In a third aspect, the present invention provides a computer storage medium, in which a computer program is burned, and when the computer program runs in a memory of a server, the enterprise financial data acquisition and analysis method according to the present invention is implemented.
By combining all the technical schemes, the invention has the advantages and positive effects that:
(1) the invention collects the purchase and sale records of all the fresh commodities corresponding to the types of the fresh commodities existing in the fresh enterprise in the historical collection time period from the financial records of the fresh enterprise, and calculates the sales profits of each fresh commodity in the purchase and sales records of each fresh commodity, therefore, based on the identification of the lost sales fresh commodity types of the fresh enterprises in the historical collection time period, thereby analyzing the reason causing the lost sales of the fresh and fresh commodity types, realizing the optimization of the corresponding financial data analysis of the fresh and fresh commodity enterprises, effectively overcoming the defect that the analysis degree of the fresh and fresh enterprises in the financial data analysis process is too shallow, through carrying out optimization analysis to financial data, avoid giving birth to the emergence of the restricted condition of the operating range appearance of bright enterprise greatly, be favorable to guaranteeing the market of bright enterprise in the bright field of giving birth to and hold up the scope.

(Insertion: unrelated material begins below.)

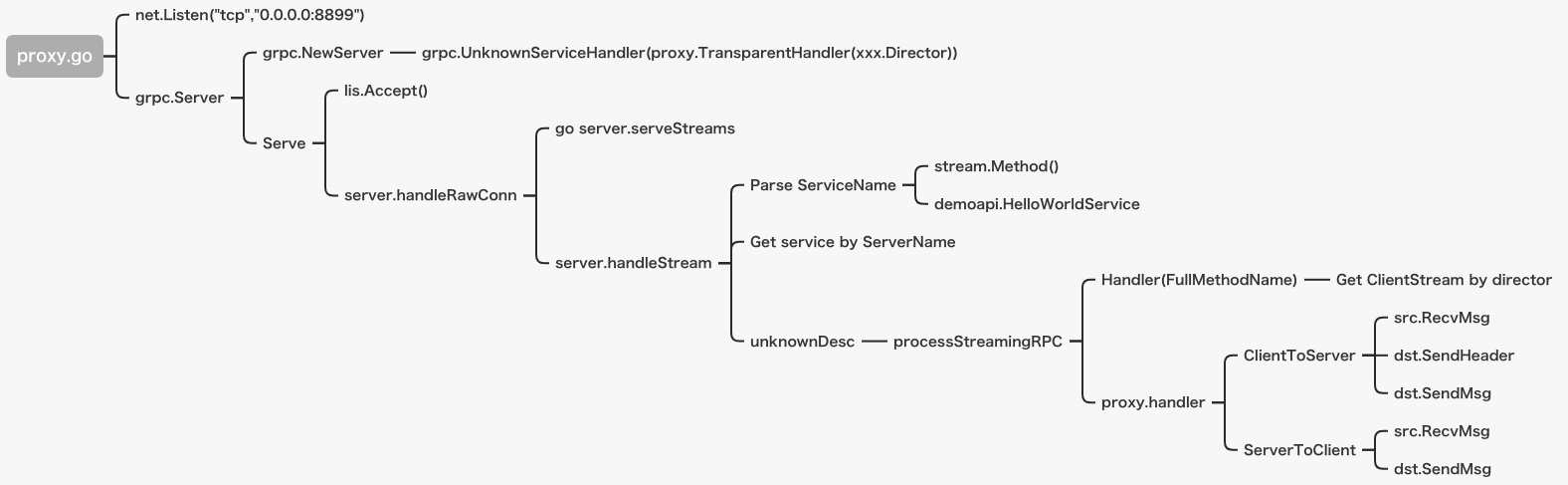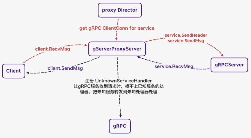 - proxy接收gRPC客户端的连接,并使用gRPC的RecvMsg方法,接收客户端的消息请求

(2) When the reason for causing the lost sales of the fresh commodity is analyzed to be the enterprise operation abnormity, the method further carries out deep analysis on the direct reason for causing the enterprise operation abnormity, realizes the deep optimization of the corresponding financial data analysis of the fresh commodity enterprise, can provide specific operation measures for the fresh enterprise to improve the sales profits of the subsequently lost sales fresh commodity through the direct reason for causing the enterprise operation abnormity of the deep analysis, and has greater practicability.
Drawings
The invention is further illustrated by means of the attached drawings, but the embodiments in the drawings do not constitute any limitation to the invention, and for a person skilled in the art, other drawings can be obtained on the basis of the following drawings without inventive effort.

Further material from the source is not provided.